Condition 2) Since \(P(S) > P(K) > \frac{1}{26} > \frac{1}{27}\), condition 2) is sufficient.

Therefore, B is the answer.

Normally, in problems which require 2 or more additional equations, such as those in which the original conditions include 2 variables, or 3 variables and 1 equation, or 4 variables and 2 equations, each of conditions 1) and 2) provide an additional equation. In these problems, the two key possibilities are that C is the answer (with probability 70%), and E is the answer (with probability 25%). Thus, there is only a 5% chance that A, B or D is the answer. This occurs in common mistake types 3 and 4. Since C (both conditions together are sufficient) is the most likely answer, we save time by first checking whether conditions 1) and 2) are sufficient, when taken together. Obviously, there may be cases in which the answer is A, B, D or E, but if conditions 1) and 2) are NOT sufficient when taken together, the answer must be E.

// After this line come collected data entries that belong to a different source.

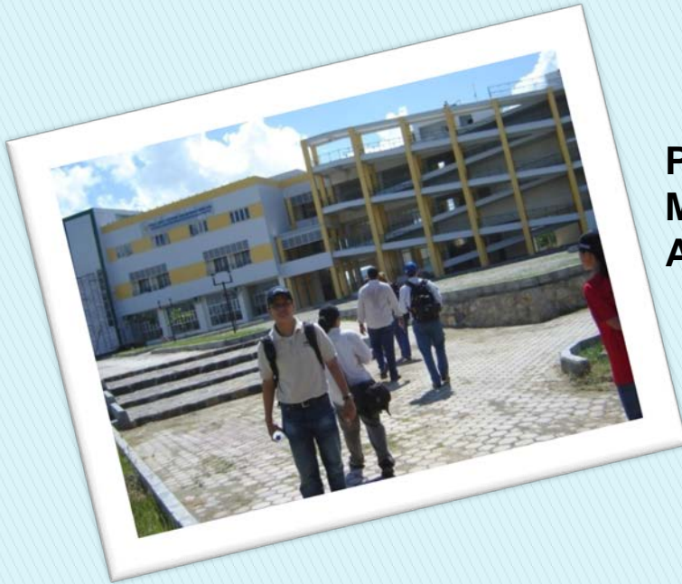
Pembangunan Gedung Untuk Evakuasi Masyarakat sebagai bentuk Mitigasi Tsunami Aceh. (Ady,_Modul Sospol STIE Triguna, 2012)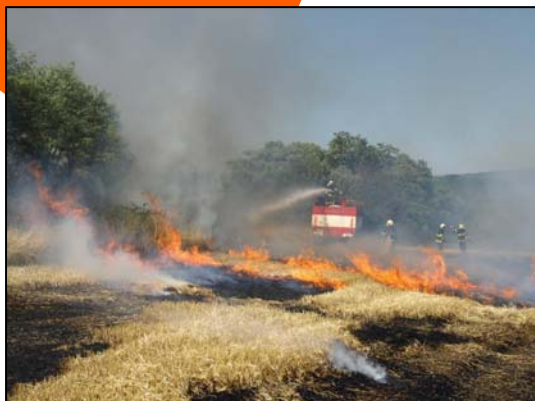
Obr. 1: I odhozený nedopalek cigarety může způsobit rozsáhlý požár.

Víte, jak bezpečně rozdělávat oheň v přírodě nebo proč nevypalovat trávu? Hasičský záchranný sbor JMK ve spolupráci s Policií ČR – Krajské ředitelství Brno a Diecézní charitou Brno Vám poradí, jak všechny tyto události bezpečně zvládnout.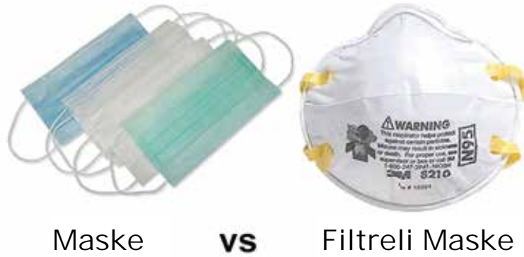
Şekil : Maske ile filtreli maske

N95 veya FFP2 veya daha üstünü; ağıza çökmeyen tasarım ile daha iyi nefes alabilirlik sağlar (örn. ördek gagası veya kupa şekilli)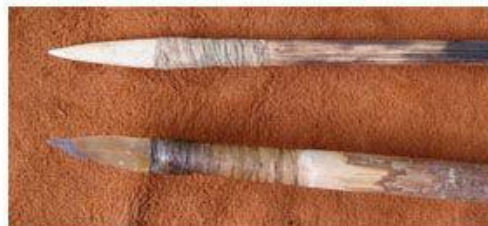
Pointes de sagaie en bois de renne et silex (reproductions de Florent Rivère)

(images de http://ticayou.canalblog.com/ )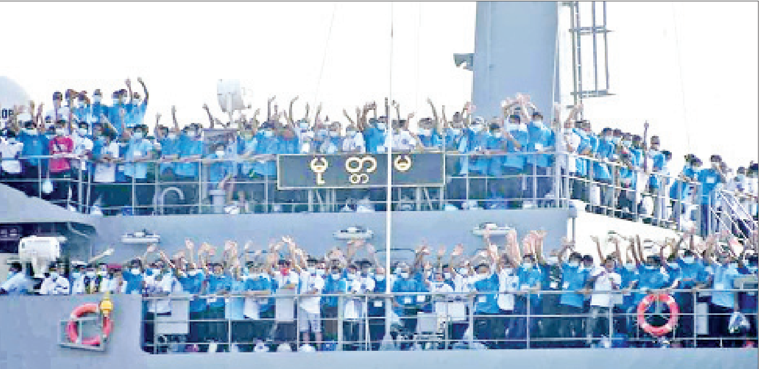
မလေးရှားနိုင်ငံတွင် ရောက်ရှိနေသော မြန်မာနိုင်ငံသားများအား ပြန်လည်ခေါ်ဆောင်လာသည့် တပ်မတော်မှစစ်ရေယာဉ်များ ရန်ကုန်မြို့ အမှတ်(၃) ရေတပ်ဆိပ်ကမ်းသို့ ပြန်လည်ရောက်ရှိစဉ်။

နေပြည်တော် ဖေဖော်ဝါရီ ၂၇ နိုင်ငံတော်စီမံအုပ်ချုပ်ရေးကောင်စီဥက္ကဋ္ဌ တပ်မတော်ကာကွယ်ရေးဦးစီးချုပ် ဗိုလ်ချုပ်မှူးကြီး မင်းအောင်လှိုင်က ကိုဗစ်-၁၉ ရောဂါဖြစ်ပွားနေသည့်ကာလအတွင်း နိုင်ငံရပ်ခြားတွင် ကာလရှည်ကြာစွာ ပိတ်မိဒုက္ခခံနေရသည့် မြန်မာနိုင်ငံသားများအနေဖြင့် မိမိတို့မြန်မာနိုင်ငံသို့ ပြန်လာသင့်ကြောင်း၊ အဆိုပါ ပြည်ပရောက်မြန်မာနိုင်ငံသားများအား အမြန်ဆုံးပြန်လည်ခေါ်ဆောင်နိုင်ရေး စီမံဆောင်ရွက်သွားရမည်ဖြစ်ကြောင်း ဖေဖော်ဝါရီ ၂ ရက်တွင် နိုင်ငံတော်သမ္မတအိမ်တော် အစည်းအဝေးခန်းမ၌ ကျင်းပပြုလုပ်ခဲ့သည့် ပြည်ထောင်စုအစိုးရအဖွဲ့အစည်းအဝေး၌ လမ်းညွှန်မှာကြားခဲ့သဖြင့် မလေးရှားနိုင်ငံတွင် ရောက်ရှိနေပြီး ယခင်ကာလကတည်းက အကြောင်းအမျိုးမျိုးကြောင့် မြန်မာနိုင်ငံသို့ပြန်လာရန် အခက်အခဲများကြုံတွေ့နေရသည့် မြန်မာနိုင်ငံသားများအားခေါ်ဆောင်ရန် တပ်မတော်မှ စစ်ရေယာဉ်(မှတ္တမ)၊ ပင်လယ်သွားဆေးရုံ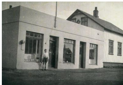
Horft í suðsuðvestur.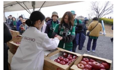
松本山雅ホームゲームでのりんご配布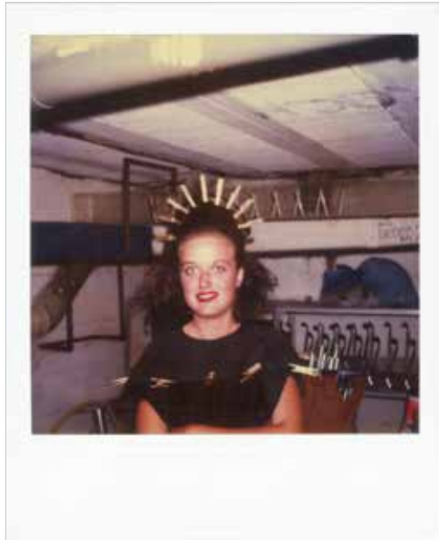
Ouka Leele en el Gran Concierto de Pop Rock, en el que actuó con Poch y el Hortelano, Santander, 1987. Polaroid, 10.8 x 8.8 cm. Fotografía atribuida al Hortelano

tesis doctoral. Ocharan, natural de Bilbao, residió durante mucho tiempo en Castro Urdiales donde construyó su magnífica y onírica residencia Toki Eder [lugar hermoso]. 28 Sus obras más conocidas fueron las ilustraciones fotográficas de La Divina Comedia (1904) y El Quijote (1905). Para estas utilizó una realidad que había transformado en tableaux vivant , y en muchos casos positivaba sus negativos con la técnica pictorialista del carbón, que otorgaba a cada fotografía el valor de objeto único.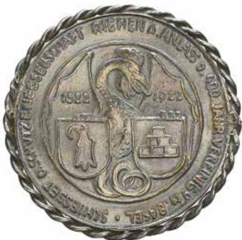
Rückseite der Medaille von Hans Frei zum Schiessfest der Schützengesellschaft Riehen anlässlich des Jubiläums «400 Jahre Vereinigung mit Basel» im Jahr 1922 (verschoben auf 1923).

seits Ausdruck der Spannungen zwischen den bürgerlichen und linken Parteien nach der Niederschlagung des Landesstreiks von 1918 und des Basler Generalstreiks von 1919, 39 andererseits stand dahinter die Absicht, Arbeitern die Gelegenheit zu verschaffen, zu möglichst günstigen Konditionen das «Obligatorische» zu schießen. Die Schützenvereine, namentlich die Schützengesellschaft, spielten denn auch bis zum Zweiten Weltkrieg politisch eine nicht unwichtige Rolle. Hier und in anderen führenden Vereinen wurde «abgesprochen [...], was in Riehen Brauch sein sollte». 40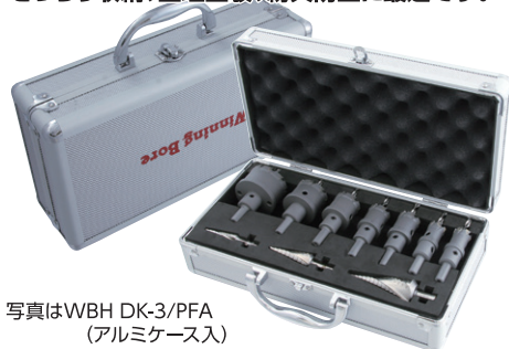
写真はWBH DK-3/PFA (アルミケース入)

ハイスピードカッター(WBH)とピラミッドドリル(RSD)をアルミケースにきっちり収納、整理整頓、紛失防止に最適です。

Re: I, …, E, …, M, …, S, …, K, …, W, … Z The frequencies of the appearance [#permalink]

Show Tags

25 Dec 2017, 22:10

MathRevolution wrote:

[GMAT math practice question]

I, …, E, …, M, …, S, …, K, …, W, … Z The frequencies of the appearance of the letters from ‘A’ to ‘Z’ in a book are listed in decreasing order as shown above. ‘I’ is the most frequently occurring letter. The book contains a total of 100,000 alphabetic characters. Is the probability of randomly selecting an ‘S’ from the alphabetic characters appearing in the book greater than \(\frac{1}{27}\)?

1) The probability of selecting ‘M’ is greater than \(\frac{1}{27}\). 2) The probability of selecting ‘K’ is greater than \(\frac{1}{26}\).

(1) Probability of selecting M is > 1/27, there are a lot of possibilities > 1/27. And since S appears less often than M, its possible that Probability of M occurring is > 1/27, it could be = 1/27 or it could be < 1/27. We cant say. Insufficient.

(2) Probability of selecting K is > 1/26.. Now 1/26 is greater than 1/27. Now, since S appears more frequently than K, Probability of selecting S will be more than that of K. So Probability of selecting S > Probability of selecting K > 1/26. Thus probability of selecting S > 1/26, so obviously its greater than 1/27. Sufficient.